Cause that happens sometimes. It’s weird. We’re usually tore up with anxiety and imposter syndrome and worry, and then, all of a sudden, everything snaps into place, and you’re good. Is it happiness? Maybe. But how would we know?
Happiness is fleeting.
But the things that lay a foundation for happiness aren’t. Maybe this is what’s happening to you right now. You’ve been working on laying the bricks for a solid base, and you got the last one in. Now you have all the things you need to be happy.
Maslow would be proud.
Look at you now, standing arms akimbo on top of the first two levels of the Hierarchy of Needs. This is what you’re feeling. It’s not so much happiness as safety. Permanence. Establishment. Your career, your relationships, your home, your finances, your friends—hell, even your dog is fine, lying there on the couch snoring away because your life, your base, is stable, and he knows it.
Of course, it could all go fucking sideways.

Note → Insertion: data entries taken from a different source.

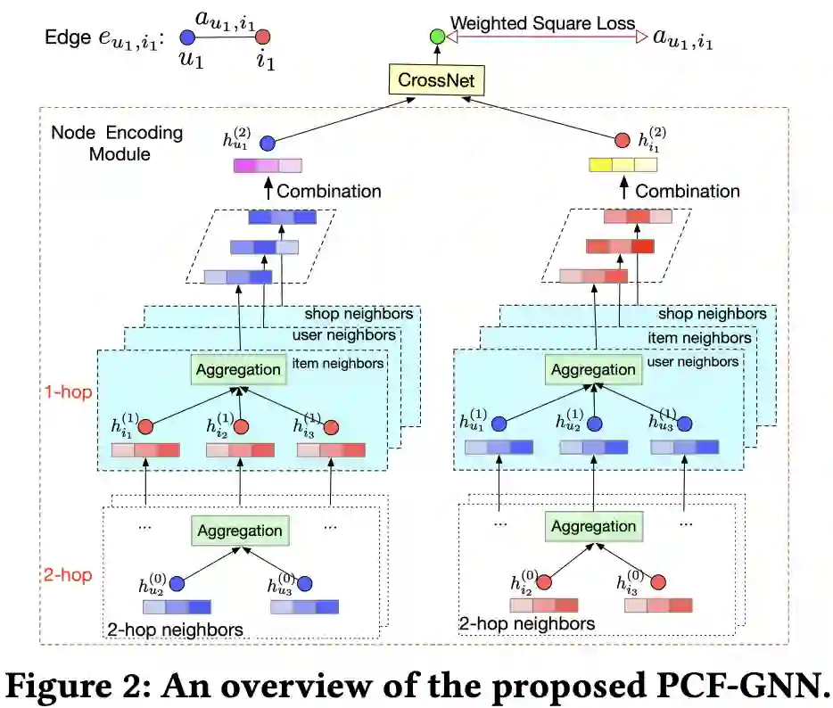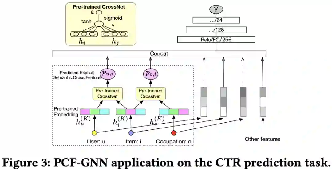 和Fi-GNN用端到端建模不一样,PCF-GNN是一个两阶段的模型。第一阶段是GNN的预训练:通过构建一种基于特征共现关系的GNN,节点表示每一个特征,边的权重为特征共现度,显式地建模特征共现目标。进行相应的预训练(没有像Fi-GNN一样用多头注意力机制学习节点初始表示),显式地预测和输出特征的交互关系,对于没有出现过的新的交互,也可泛化预测。第二阶段是下游的应用:GNN可以固定参数,作为交互特征提取器,在应用的阶段首先推断出交互特征的值,然后和其余特征拼接在一起作为后面DNN的输入;也可以做预训练的范式,在下游CTR模型训练过程中微调GNN,更新每个特征的表示。
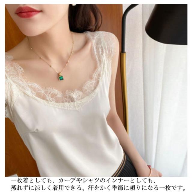インナーキャミソール レディース 2XL おしゃれ シルク シルクタッチ ストレッチ サテンスリップ スーツインナー キャミソール シルクキャミ かわいい S M L XL レース付き
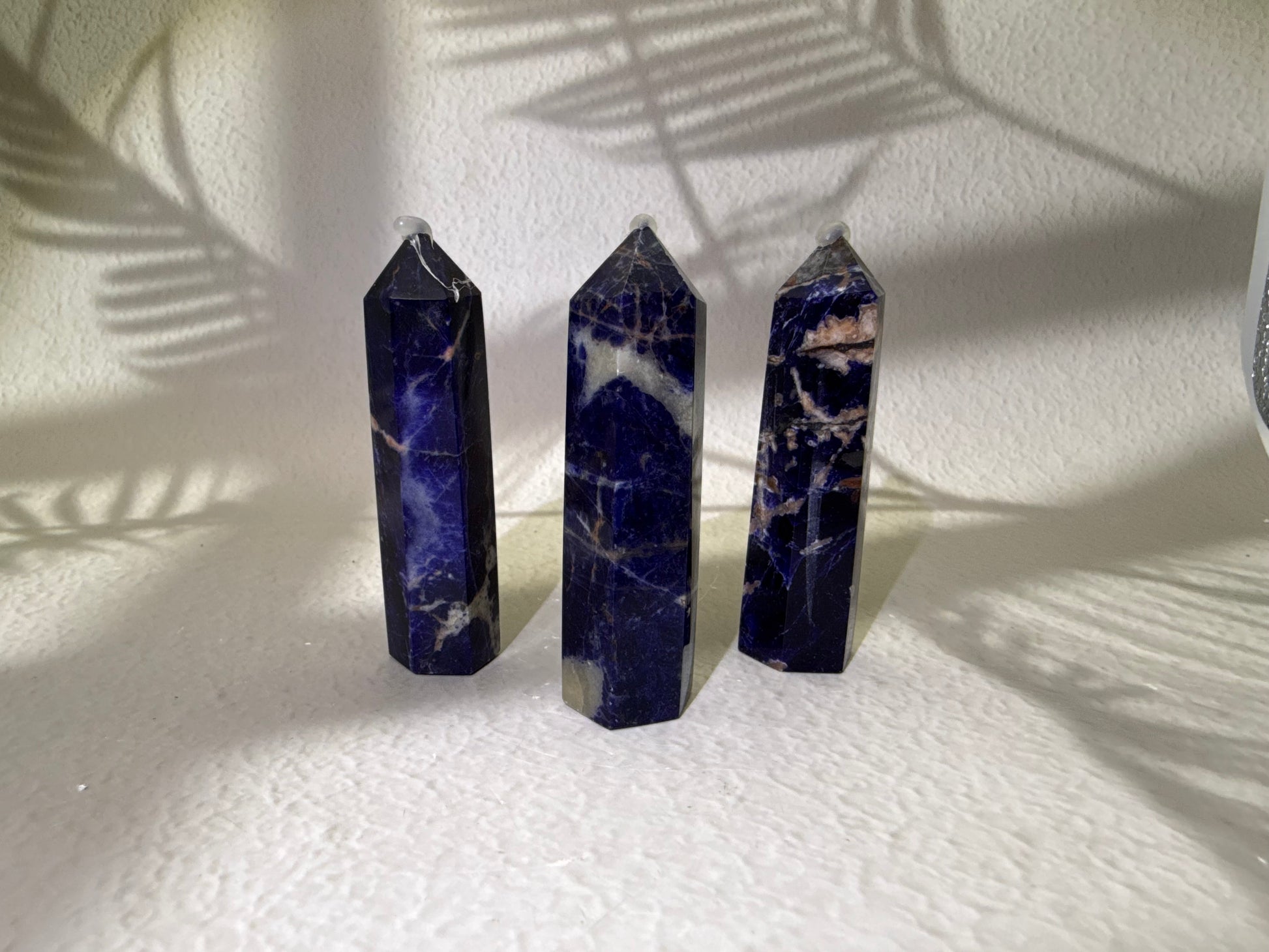 Diese drei Sodalith-Türme bestechen durch ihre tiefblaue Farbgebung, durchzogen von zarten weißen Adern, die jedem Stück seine charakteristische Struktur verleihen. Die Turmform bringt die natürliche Schönheit des Steins besonders schön zur Geltung und macht die Figuren zu eleganten Blickfängen für Wohnraum, Arbeitsplatz oder Meditationsplatz.
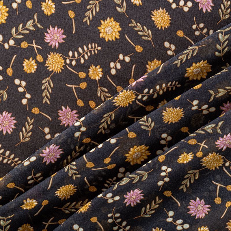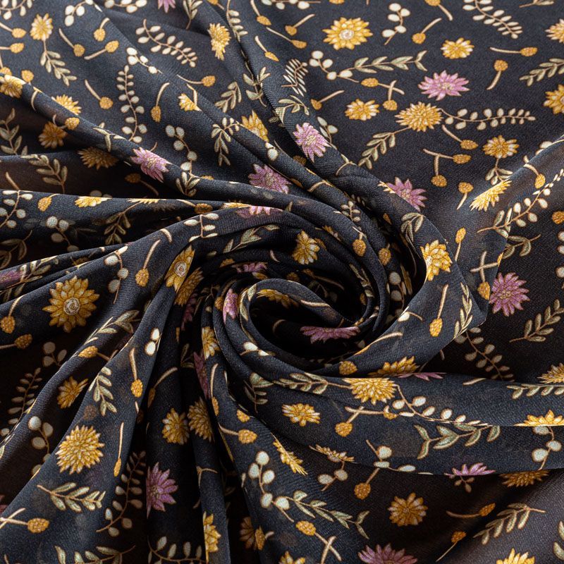 Легкий, воздушный, мягкий и нежный креп-шифон, прекрасно драпируется, приятен к телу, полупрозрачный, может потребоваться подклад. Поверхность матовая, без блеска, фактурная. Идеален для нежных платьев летящих силуэтов, топов, туник, блузок, юбок с роскошными драпировками и воланами.

The world is wobbly, and though I believe it is a determinate, clockwork universe, I also believe it is exceedingly complex. Complex enough that the cause of an effect may be so far afield you can’t see it. Things seem to happen randomly. But here’s the thing, While we while away our woes in this vail of wah, we wear a groove into the real. Maybe it’ll all explode sometime around three o’clock next Tuesday, and you’ll be left standing there knocking fire off your denim with not much more than your hat in your hands and a grin.

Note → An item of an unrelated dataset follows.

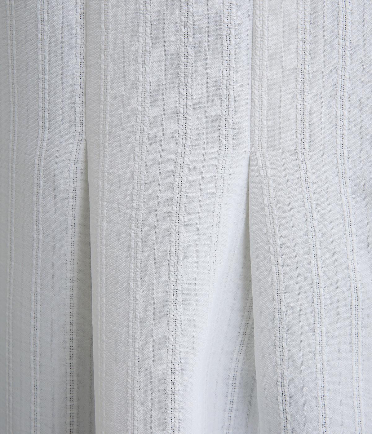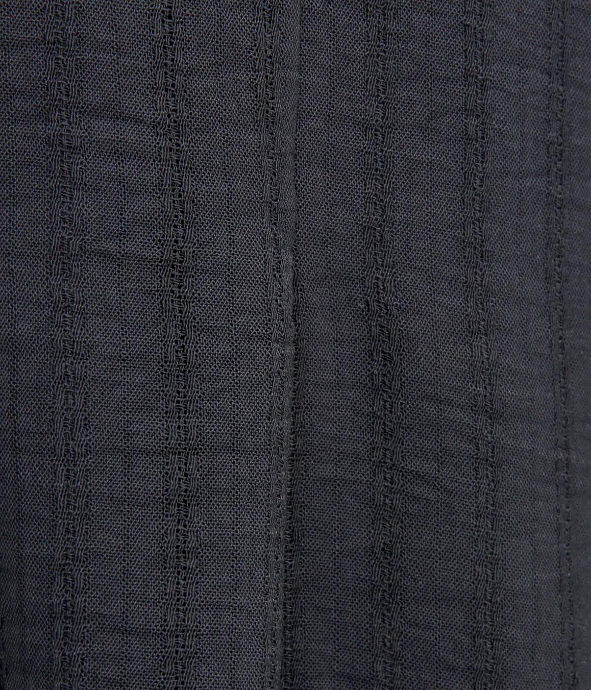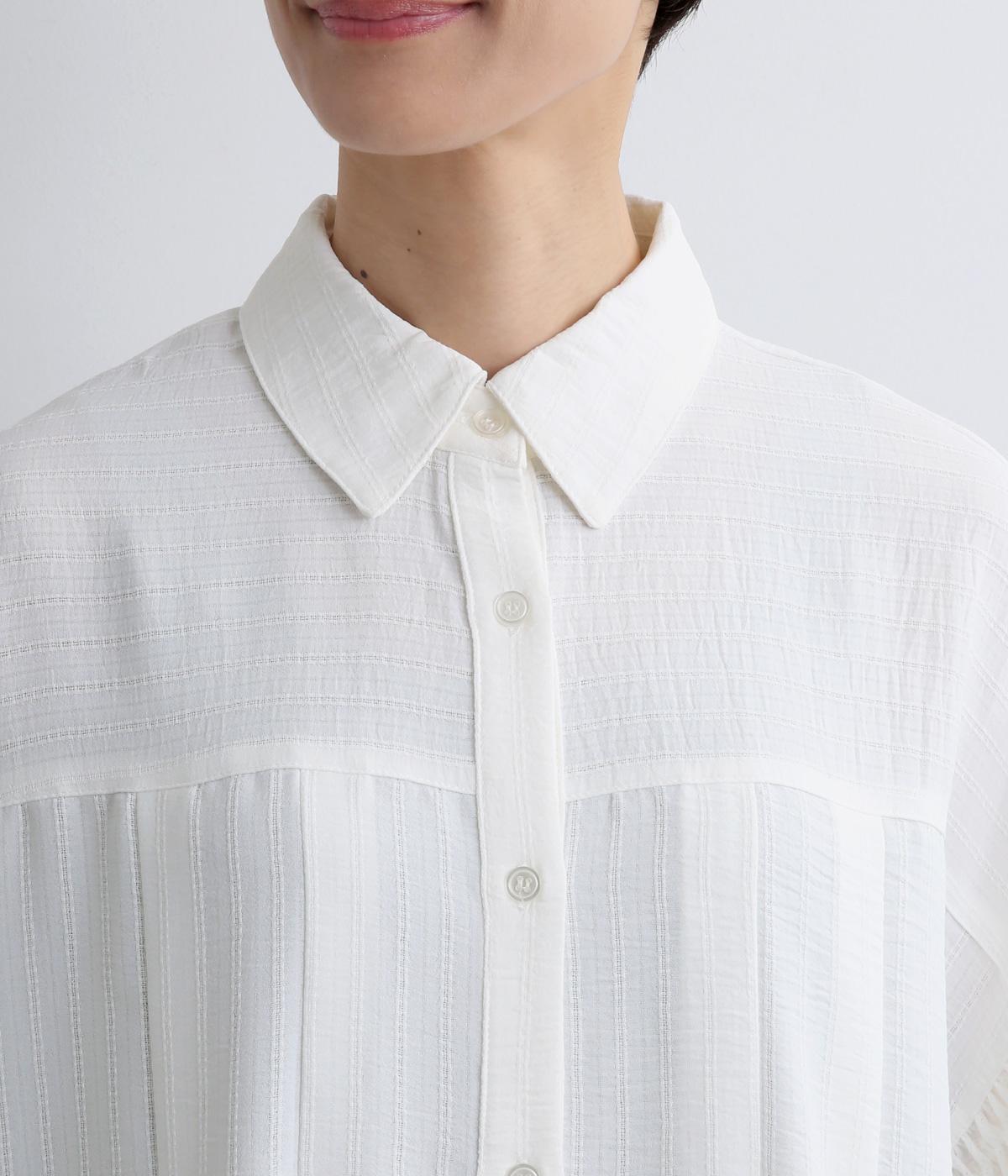縦ストライプに編み柄が入っている、合繊カラミ生地を使用しました。さらりとしたしなやかな肌ざわりで、軽い着心地が特徴です。

Because even when the house burns down, the foundation remains.
To tax this metaphor further: sure, you may have to kick some smoldering timbers out of the way, and that PVC installation is just a melted glob of plastic slag, but you’re not starting from scratch. You’ve been here. You’ve already done this. You built the building that burned down. Hell, having a foundation is 50% of the job. Everybody relax. You got this.
Except that’s not what’s happening because, well, nothing has burned down.

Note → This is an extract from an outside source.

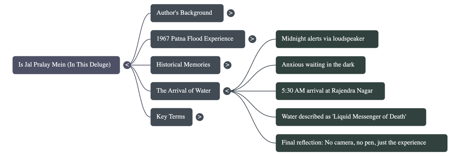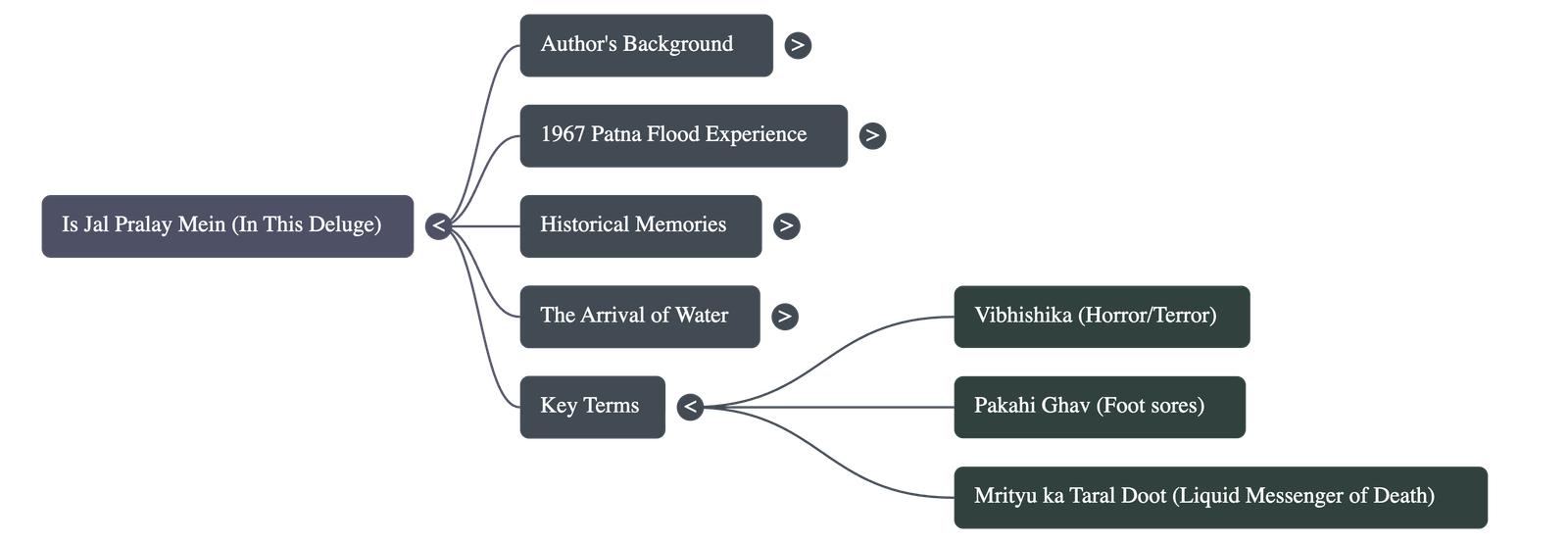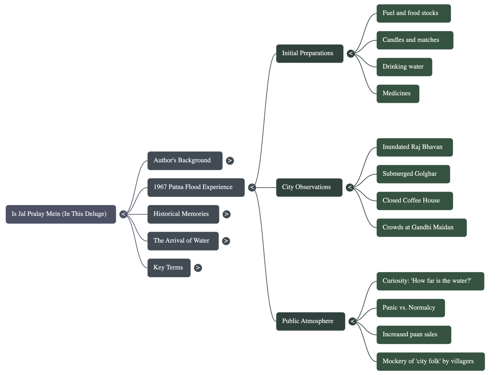 - लेखक ने बाढ़ पर कई लेख और रिपोर्ताज लिखे हैं, लेकिन बाढ़ में घिरने और उसे भोगने का प्रत्यक्ष अनुभव उन्हें पहली बार 1967 में पटना में हुआ।

It probably won’t. Such calamity is rare. The thing is the world, though it may seem to be in constant change, actually prefers things to stay on track. It likes the needle in the groove. If reality were an old man, it would start every sentence with “Back in My Day” and drive a 1997 Buick Skylark because it’s a solid vehicle, son. Once you put something down into the world with enough force, it tends to stick.
So this feeling that everything is fine . . . is fine.
It’s real. It’s a reward. You earned it. You still gotta put in the work to keep things rolling, but God willing, and the creeks don’t rise, you’re looking at a steady future. You feel fine because you are.
What whiskey should you drink when you’re good?
Hell, Eugene, I don’t know. I’m not your dad. But I’m having a snoot full of Peerless Rye and pulling my hat down over my eyes and listening to the crickets do their thing.